Diğer yandan bir kaygım da PKK, YPG bilmem ne üzere harf israfı mayın eşeklerinin “Kürt” kimliğini kalkan ederek Suriye’de bir diğer karışıklık çıkarmaya çalışmalarıdır. BAAS rejimi tarafından “Suriye’nin nerdeyse en dezavantajlı kesimi” haline getirilen Suriye Kürtlerinin önünde tarihi bir fırsat vardır. Yeni kurulan Suriye’nin eşit vatandaşları haline gelebilirler, sistemin içinde kendilerine bir taban bulabilirler. Kürtler, emperyalizmin mayın eşekliğini yapan harf israfı terörist örgütlerle ortalarına uzaklık koymayı başarırlarsa olur bu iş. Gördüğüm, izlediğim kadarıyla bu olacak da. Yalnızca bu olurken teröristlerin ne haltlar karıştıracağını öngöremiyorum.
İyimserim elbette. Ancak korkuyorum da işte. Suriyelilerin bileklerinin hakkıyla, söke söke köpeklerin elinden aldıkları ülkelerinin başına en küçük bir şey gelmesi ihtimali telaştan mecnuna döndürüyor beni.
Tam bu karışık hisler içerisinde izledim Dışişleri Bakanı Hakan Fidan’ın Şam ziyaretinde Suriye halkına “Sevgili kardeşlerim” diye başlayan hitabını. Gözyaşlarımı tutmama gerek yoktu. Tutmadım da zati.
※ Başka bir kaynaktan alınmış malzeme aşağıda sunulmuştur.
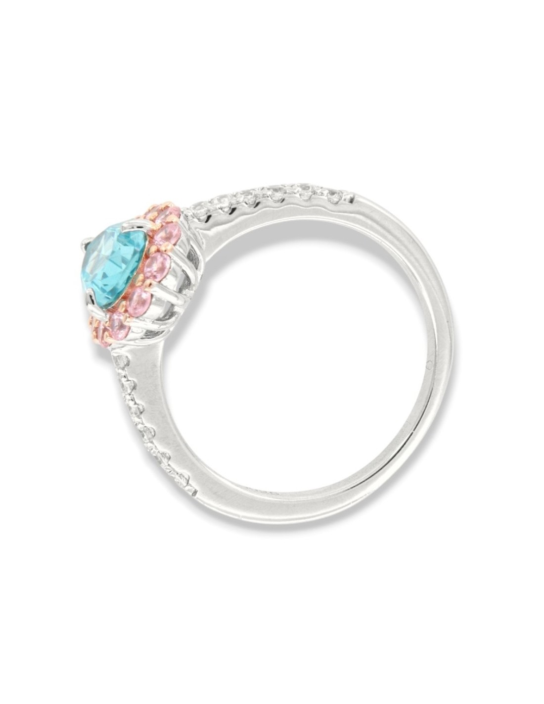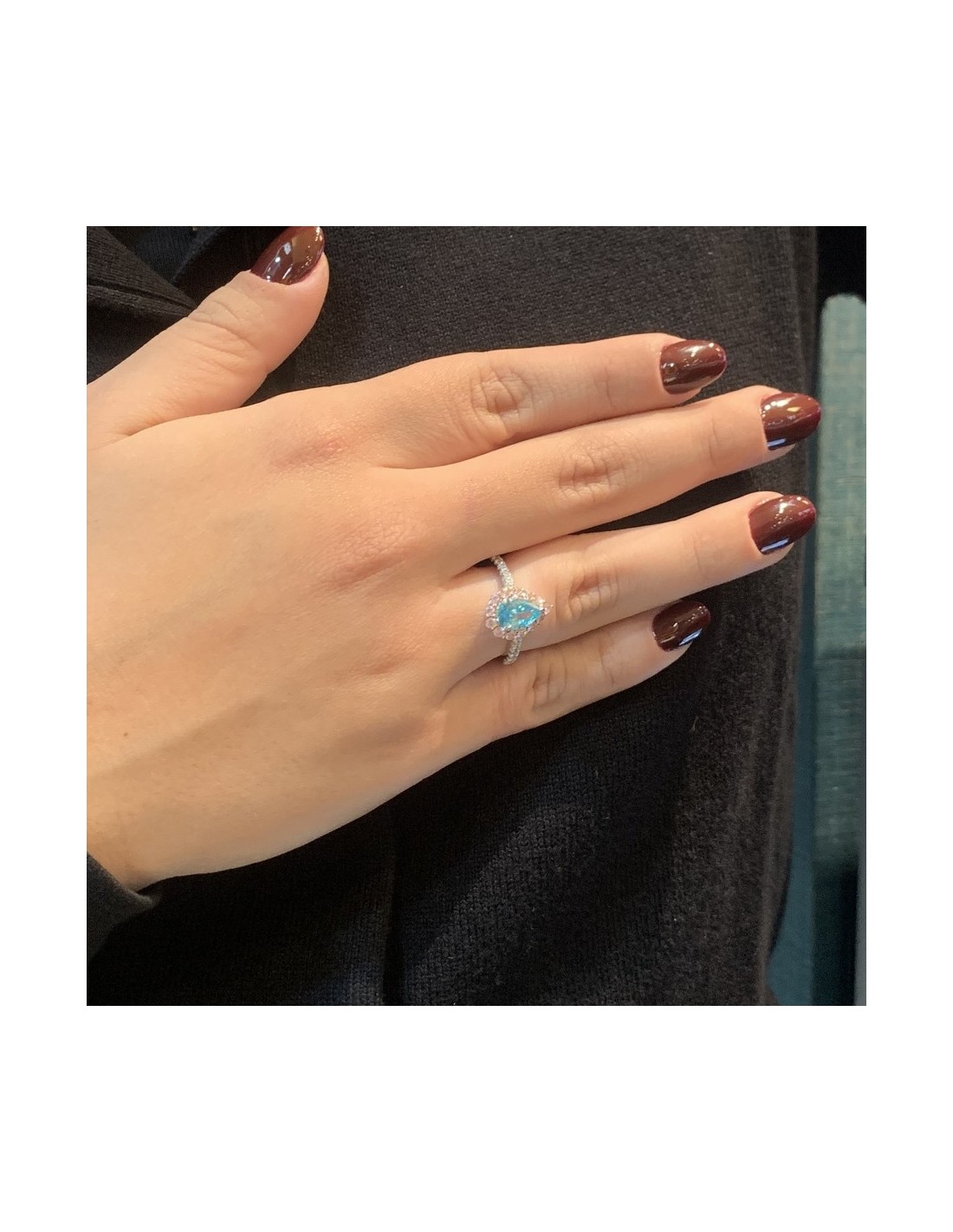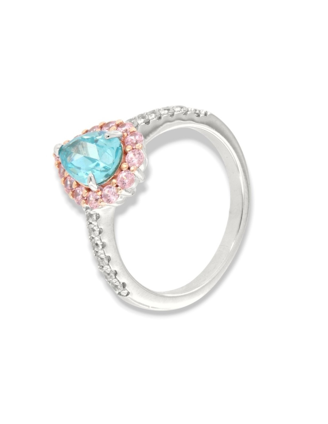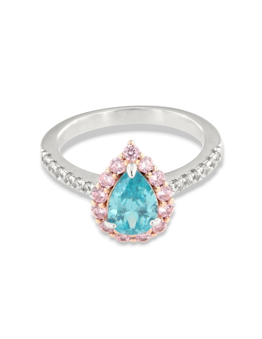 •MATERIALE: l'anello è realizzato interamente in argento 925‰ Rodiato (trattamento brillantante contro l'annerimento) modello principessa composto da uno Zirconia Cubica o pietra CZ celeste taglio goccia, circondata da altre pietre cz rosa con taglio di alta qualità simile al taglio Brillante del Diamante;
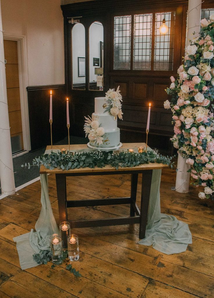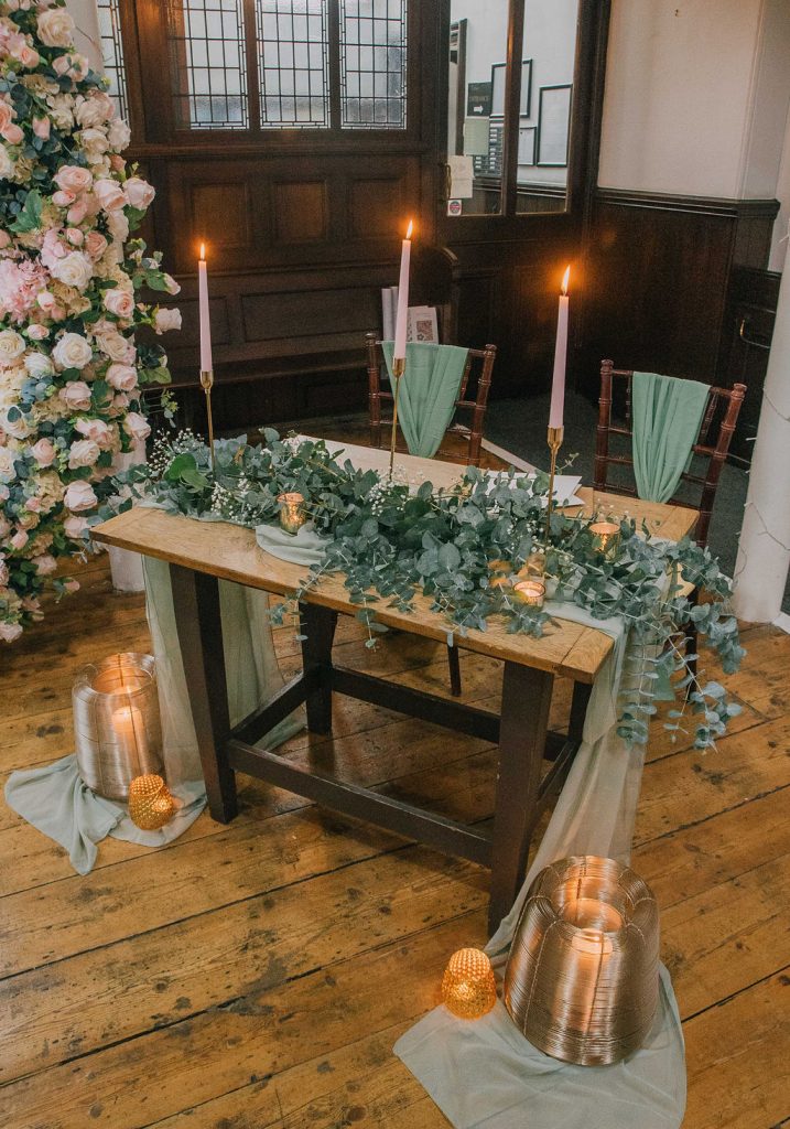 After visiting Confessions for the first time, it became obvious to us what colour palette to use – Blush, Sage Green & Gold. And why? You only need to look up! The high vaulted ceilings above the beautiful stained glass windows use both blush and sage green to great effect.
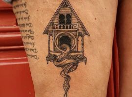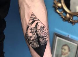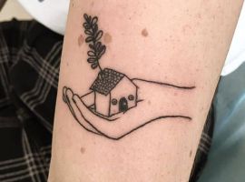 Татуювання з будинком – досить незвичайний натільний малюнок. Таким чином люди хочуть показати не тільки те, що для них багато значить місце, де вони народилися, що вони завжди будуть віддані близьким. Значення у татуювання будинок буде набагато глибше. Зображують не тільки сільські будиночки, а й готичні замки, споруди в стилі бароко. У будь-якому випадку майстри тату салону Альянс знайдуть для вас ідеальний ескіз, який відобразить точно те, що ви хочете сказати цим символом.

Geçen yazımda “yıkıcı emperyal güç-yapıcı emperyal güç” ayrımı yapmıştım, hatırlayacaksınız. Türkiye, an itibariyle bütün dünyaya “yapıcı emperyal güç nasıl olur”u gösteriyor Suriye üzerinden. Ve ben, bu Türkiye’nin o denli hoş, o denli haklı, o denli şahane olduğunu düşünüyorum ki bu hoşluğun, bu haklılığının, bu şahaneliğin başına bir şey gelecek diye de ödüm kopuyor.
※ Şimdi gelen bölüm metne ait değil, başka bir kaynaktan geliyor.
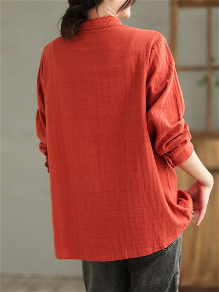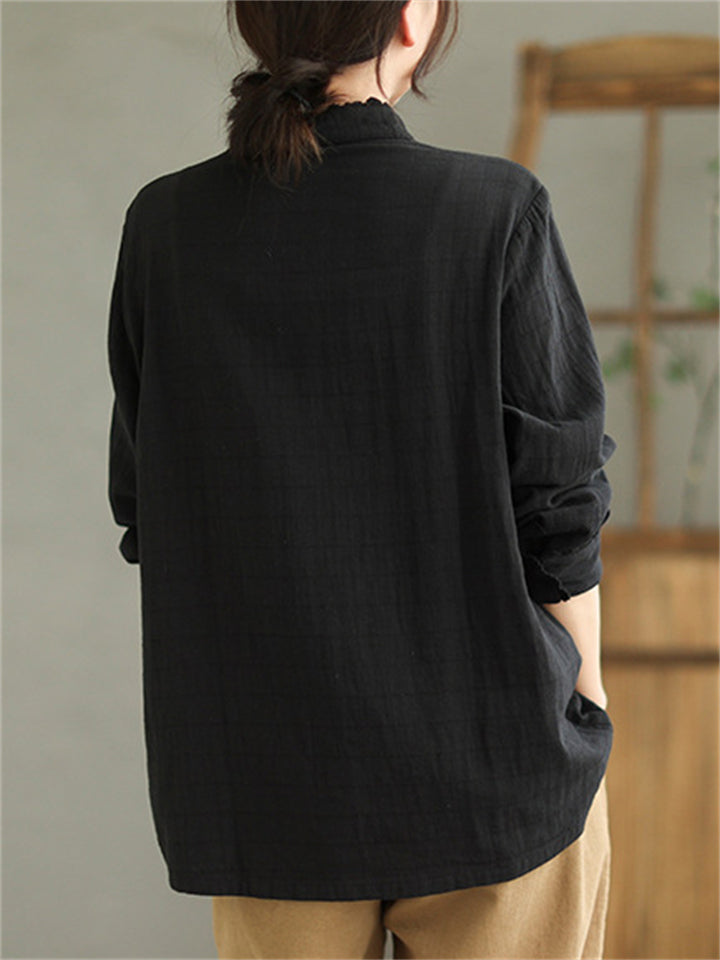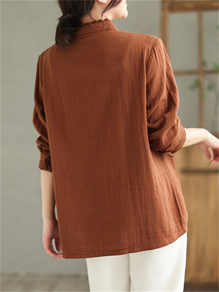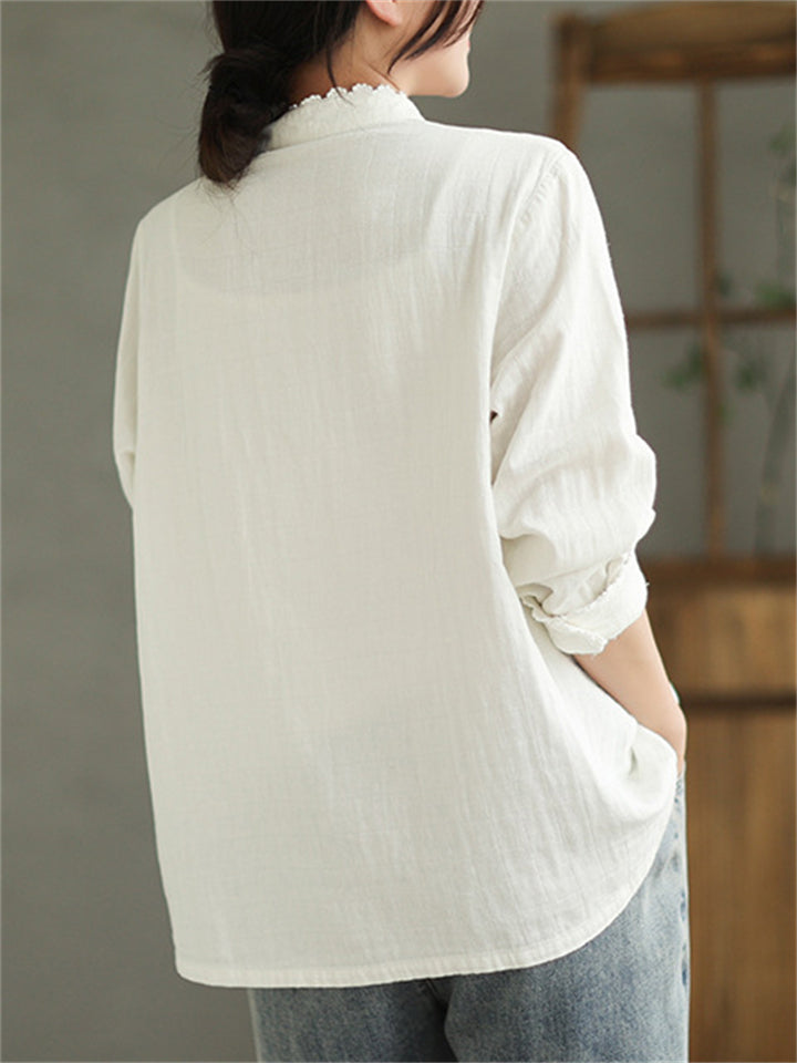 Ancient Chinese Style Floral Embroidery Linen Shirt for Women
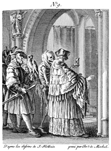 Description: As a canon holding an hour-glass(=human mortality) and wearing a sable stole enters a church, Death joins him to announce that his time has come. Engraved by Chrétien de Mechel (1737–1817) after the original design by Hans Holbein, the Younger (1498–1543).
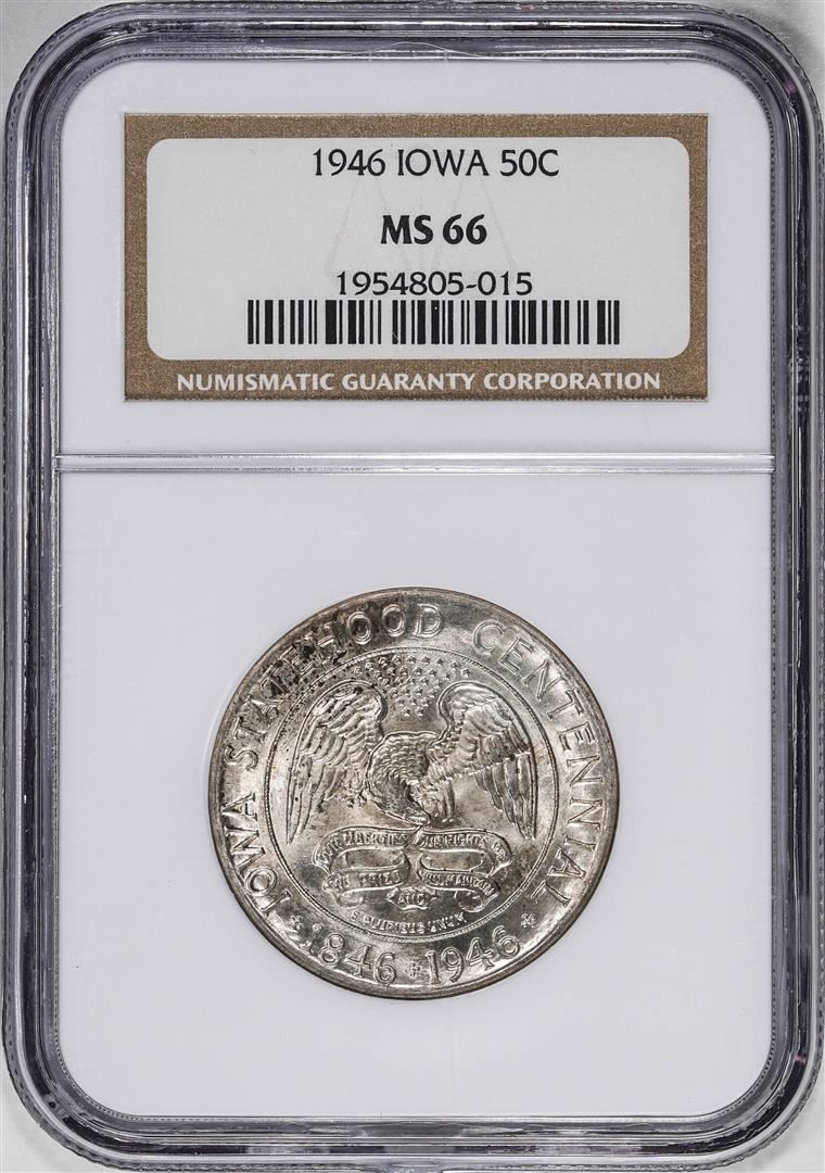 One 1946 Iowa Commemorative Half Dollar Coin NGC MS66. NGC Certified.
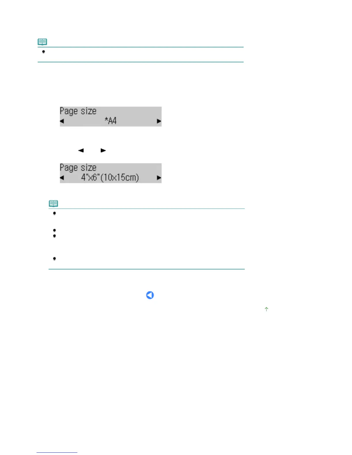 To change the settings other than Page size, press the

Geçenlerde bir konferansta bana “Dünya görüşünüz nedir?” diye sormuştu bir delikanlı. Ben de “An itibariyle dünya görüşüm Türkiye’dir delikanlı” diye karşılık vermiştim. Biz artık ve şu anda çok farkında olmayabiliriz lakin Türkiye “Bir dünya görüşü”nün de ismidir artık. En hoş sözünü de Yunus dedemizin “ben gelmedim davi için / benim işim sevi için / dostun konutu gönüllerdir / gönüller yapmaya geldim” dörtlüğünde buluyor bence bu dünya görüşü.
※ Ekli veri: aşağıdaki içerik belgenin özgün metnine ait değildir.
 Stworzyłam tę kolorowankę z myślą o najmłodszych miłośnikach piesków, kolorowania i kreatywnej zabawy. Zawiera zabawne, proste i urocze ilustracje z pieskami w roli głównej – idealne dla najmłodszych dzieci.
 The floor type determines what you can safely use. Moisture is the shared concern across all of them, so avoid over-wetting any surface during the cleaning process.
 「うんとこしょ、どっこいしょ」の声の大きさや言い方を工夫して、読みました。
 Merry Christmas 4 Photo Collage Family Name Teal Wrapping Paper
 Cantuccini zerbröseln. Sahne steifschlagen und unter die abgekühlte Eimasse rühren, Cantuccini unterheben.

Romantizm yapacağım biraz, kusuruma bakmayın. Çok isterim “dünya görüşünüz nedir?” diye sorulan insanların, “Dünya görüşüm Türkiye, İslamcı”, “Dünya görüşüm Türkiye, ülkücü”, “Dünya görüşüm Türkiye, solcu”, “Dünya görüşüm Türkiye, sosyalist”, hatta “Dünya görüşüm Türkiye, Kemalist” diye karşılık verdikleri bir ülkede yaşamayı. Yani çok isterim insanların Türkiye’nin ne yapmak, nereye varmak istediğini anlamalarını. İşin burası anlaşılırsa gerisi çorap söküğü üzere gelecektir zira.
Hakan Fidan’ın konuşmasından “Dünya görüşümüz niye Türkiye olmalıdır?” sorusunun yanıtı olabilecek nefis cümlelerle bitireyim: “Sevgili kardeşlerim, 14 sene boyunca sevinciniz sevincimiz, hüznünüz hüznümüz oldu. Kardeşlik ve komşuluk hukuku bunu gerektiriyordu. Bugün Türkiye olarak tarihin yanlışsız tarafında yer almış olmanın haklı gururunu yaşıyoruz. Kıymetli kardeşlerim, inşallah ülkenizin en güç, en karanlık periyodu geride kaldı. İnşallah daha hoş günlerimiz bizi bekliyor. Suriye’nin bütün etnik, dini ve mezhep kümeleri daha memnun ve huzurlu olacak inşallah. Bundan sonraki süreçte Suriye’nin geleceğini belirleyecek olan sizlersiniz. Suriye’nin inançlı, özgür, müreffeh bir ülkeye dönüşmesi sizlerin sayesinde mümkün olacaktır.”